Fast forwarding a few years, I entered 5th grade at St. Joan of Arc Catholic School in St. Clair Shores Michigan. Since I was nine years old and hadn’t taken my First Communion, I was given an “accelerated” course by the school librarian. That’s when something very interesting happened. The nun made a statement which really took me by surprise. She said, “If God didn’t exist, I would lie, steal, and kill people. If there was no Heaven or Hell, people would just do whatever they wanted.”

Even at that young age I thought she was wrong. I believed even if God didn’t exist, it was still good to do good things. It made me stop and think, “The only reason this person is being nice to me is because she is expecting to be rewarded for that later.” That thought was disappointing to me. Why couldn’t someone’s default stance be, “Let’s be nice to other people without the expectation of a reward.” Couldn’t she understand that it is good to be good anyway?

During the four years of Catholic school I attended, I read large chunks of the Bible in my free time, attended Mass usually twice a week, went to Confession a couple of times, and was Confirmed by the Cardinal. For the amount of time and effort I put into it, I wasn’t getting much out of it.

Again, fast forwarding a few more years, during 10th grade a friend told me, “People believe in religion because that’s what they want to believe.” Her statement hit me like a ton of bricks. It seemed so obvious that she was right. It didn’t matter to the average person what was actually true. All that mattered was what felt good or comforting. It was at that moment that I became Agnostic without knowing the term or the definition. I instantly became unsure of everything I believed in the past about religion and God. That was the biggest moment of apostasy in my life.

Throughout my life after that moment, I would occasionally search for the truth just because I was curious. If religion came up in random conversation, I didn’t try to avoid it. I gave my opinion without having any “proof”. I tried to educate myself about all the religions in the world. If a Jehovah’s Witness knocked on my door, I let them in. I was always able to poke holes in their logic without much effort.

Then something unexpected happened this past year.
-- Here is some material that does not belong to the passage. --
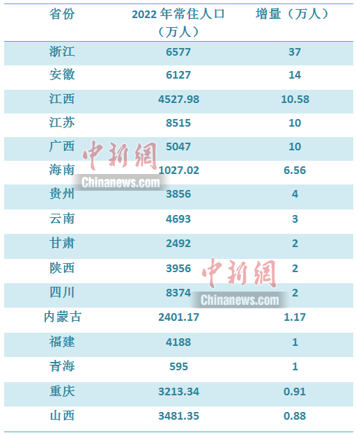 在此背景下,2022年,全国仍有超过一半的省份常住人口正增长。

A couple of Jehovah’s Witnesses knocked on my door and I let them in as usual. We sat down, started talking about the Bible, and I asked them my usual nagging questions. Surprisingly, no matter what question I asked them, they instantly gave me a chapter and verse reply. Granted, they weren’t giving me answers that made me all of a sudden believe that everything they said was right, but it did one very important thing. It forced me to find the answers to the questions that had been nagging me almost my entire life. What do I really believe in and why? “Not being sure” was suddenly not good enough anymore.

I dug deeper into the Bible than I ever had before. Who wrote it, when, and why? How was the whole thing assembled? What books were not included and why? I went through every argument for and against the existence of God that I could find. The more I dug into it, the more it shocked me what I had not known my entire life. The very foundation of Christianity was built upon a lie. Christianity throughout history and as we know it today has more to do with Paul than Jesus himself. Ironically, Paul never even met Jesus while he walked the Earth.  Mistranslations, insertions, contradictions, and a lack of historical evidence affect the entire theology of the Bible. I found answers, but not necessarily the ones that I was expecting.

So now, using the information that I’ve found, how do I label myself? Can I prove that God doesn’t exist? No, but that is not how I define Atheism for myself. My definition of Atheism answers the question, “Do I believe in God?”, and that answer is no.

In the future, when thinking about the universe, I will use logic instead of superstition as much as humanly possible. I believe human progress would benefit if religion faded from existence.

If you don’t believe in God, please consider sharing your story with the world if you haven’t already.